Reconocer lo miserable que hay en ti y a tu alrededor te permite acercarte más a la verdad, no te consueles con mentiras agradables que no logran calmar la sed¿Quién puede saber lo que mueve mi corazón? Sólo Dios sabe cómo soy en mi interior. Los hombres ven sólo mi rostro, mi oscuridad o mi luz, pero no me ven por dentro, no logran navegar en mi alma, no descubren quién soy en lo más profundo. Yo me quedo desnudo delante de Dios.
A menudo siento que vivo queriendo mostrar una imagen. Reflejar un ideal que sueño con alcanzar. Me disfrazo de sabio, de santo, de hombre grande, de persona audaz.
Pretendo tenerlo todo claro y oculto con pasión mi pecado, mi debilidad, mi herida. Es la habilidad a la que recurro muy a menudo.
Sé que soy así, débil. Sé que no puedo vivir lejos de la luz, lejos de la cruz que se eleva para darme vida. Como el sol que nace en el horizonte al amanecer.
El reto de ver lo difícil
Me gustaría tenerlo todo más claro, que todo estuviera más seguro. Pero no sé cómo me siento tan débil. No logro entender el sentido de lo que pasa.
Nicodemo tampoco entendía las palabras de Jesús, pero lo buscaba en la oscuridad de la noche porque quería conocer la verdad, quería ver la luz.
En ocasiones prefiero las mentiras dulces al paladar antes que las verdades amargas. Me consuelo con mentiras agradables que no logran calmar mi sed, dejando de lado esas verdades que pueden desgarrarme el corazón.
Alzar la mirada hacia el crucificado me lleva a mirar mi vida en su miseria, en su dolor.
No quiero ocultar de mi vista lo que me desagrada. Ni eludir las dificultades, las rocas que parecen bloquear mis pasos. No lo quiero. Comenta David McCullough J.:
“No subas a la montaña para que el mundo te vea, sino para que tú puedas ver el mundo”.
La luz que salva
No me acerco a la luz para que los hombres me vean, sino para poder yo ver mejor lo que me rodea y saber lo que tengo que elegir. Sólo Dios es mi verdad, el que le da sentido a lo que vivo.
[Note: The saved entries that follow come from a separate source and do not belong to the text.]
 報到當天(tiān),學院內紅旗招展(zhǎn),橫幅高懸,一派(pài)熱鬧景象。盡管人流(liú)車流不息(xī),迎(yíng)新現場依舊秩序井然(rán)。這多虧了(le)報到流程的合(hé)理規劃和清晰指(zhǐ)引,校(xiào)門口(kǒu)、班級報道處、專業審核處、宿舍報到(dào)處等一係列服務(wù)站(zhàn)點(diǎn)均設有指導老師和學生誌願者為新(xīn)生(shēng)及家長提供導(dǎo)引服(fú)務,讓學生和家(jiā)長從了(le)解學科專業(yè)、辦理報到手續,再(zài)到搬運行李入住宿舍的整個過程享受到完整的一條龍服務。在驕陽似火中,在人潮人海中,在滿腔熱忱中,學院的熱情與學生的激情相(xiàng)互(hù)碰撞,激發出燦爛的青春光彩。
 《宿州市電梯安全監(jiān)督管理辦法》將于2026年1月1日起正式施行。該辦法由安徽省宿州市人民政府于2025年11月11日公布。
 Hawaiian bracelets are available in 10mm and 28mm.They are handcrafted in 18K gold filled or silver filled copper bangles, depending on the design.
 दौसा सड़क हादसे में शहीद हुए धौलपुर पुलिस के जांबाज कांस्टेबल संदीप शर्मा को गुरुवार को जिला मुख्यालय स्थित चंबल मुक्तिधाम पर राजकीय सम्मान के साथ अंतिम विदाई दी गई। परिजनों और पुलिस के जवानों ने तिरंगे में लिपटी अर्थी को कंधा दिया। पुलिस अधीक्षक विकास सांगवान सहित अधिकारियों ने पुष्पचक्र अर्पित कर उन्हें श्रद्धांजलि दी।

Al final lo que me salva no es lo que los demás ven en mí, sino lo que yo veo con la luz de Dios. Comenta el padre José Kentenich:
“Esa es la verdadera santidad: estar abierto a Dios y a lo divino. Hoy se tiene un concepto totalmente diferente de grandeza y de riqueza. Se extiende la mano hacia la genialidad de la ciencia, la genialidad del arte, la genialidad de la técnica y de la industria. Seguro, también el santo puede ser un genio de ese tipo. Pero esa genialidad no lo hace santo. ¿Qué lo hace santo? ¿Qué lo hace rico? La apertura a Dios, (la capacidad) de ver a Dios a través de todas las cosas y de permanecer constantemente en contacto y en unión con Dios“.
Estar en contacto continuo con la luz es lo que me salva. Dejar que su luz penetre en la cueva de mi noche y deshaga con su fuerza todos mis miedos.
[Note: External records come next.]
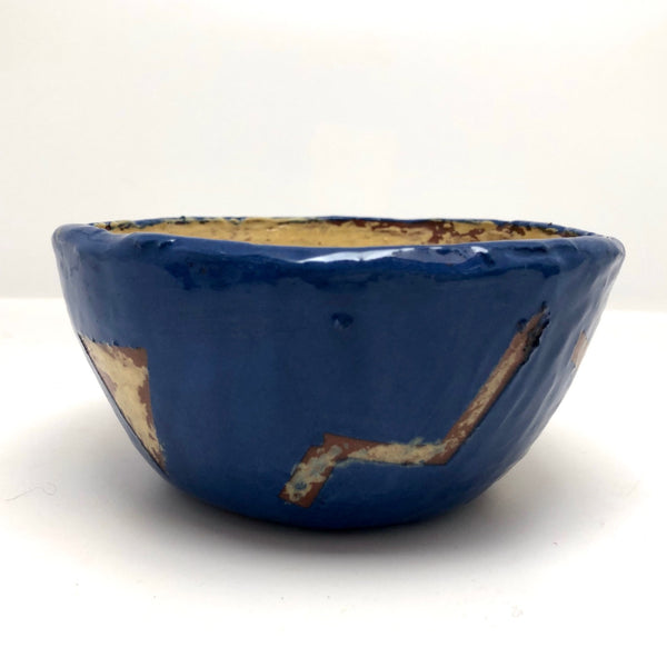 Awesome Electric Blue Pinch Pot Bowl with Yellow Graphics
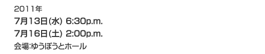 7月13日(水) 6:30p.m. 7月16日(土) 2:00p.m.
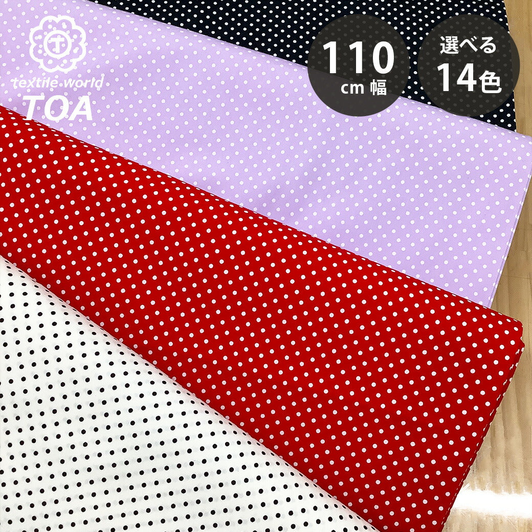 生地 【 水玉プリント 小 14色 】 ドット柄 水玉生地 シーチング 水玉 水玉模様 ドット柄生地 綿シーチング 定番生地 入園 入学 新学期準備 幼稚園 保育園 小学生 女の子 男の子 巾着 ポーチ 綿生地 綿 コットン 巾着袋 シンプル 定番 人気 おすすめ Textile World TOA
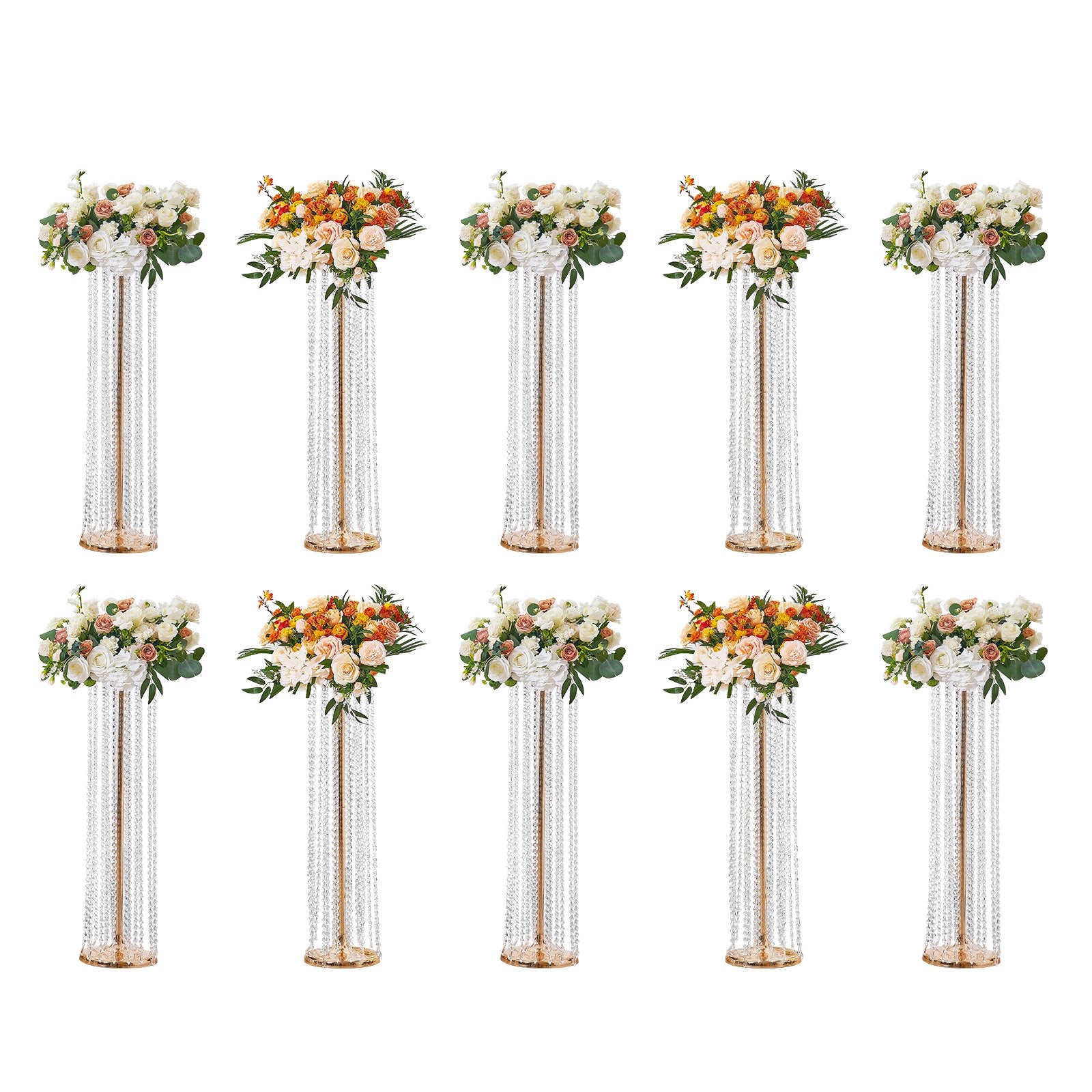 10 Stück 90 cm hoher Kristall-Blumenständer für Hochzeiten, luxuriöse Mittelstücke, Blumenvasen, Kristall, Gold, Metall, perfekt für die T-Bühne, Hochzeitsfeier, Zeremonie, Abendessen, Veranstaltung, Hotel, Heimdekoration

No quiero vivir amargado en medio de mi noche. Quiero su luz. Sólo así brillará mi santidad. Será una luz desde mi propio madero. Así lo fue Jesús crucificado y elevado en lo alto.
No daba luz la muerte, sino su vida oculta en la muerte. No salvaba estando muerto, sino habiendo abierto con su entrega la puerta de la vida.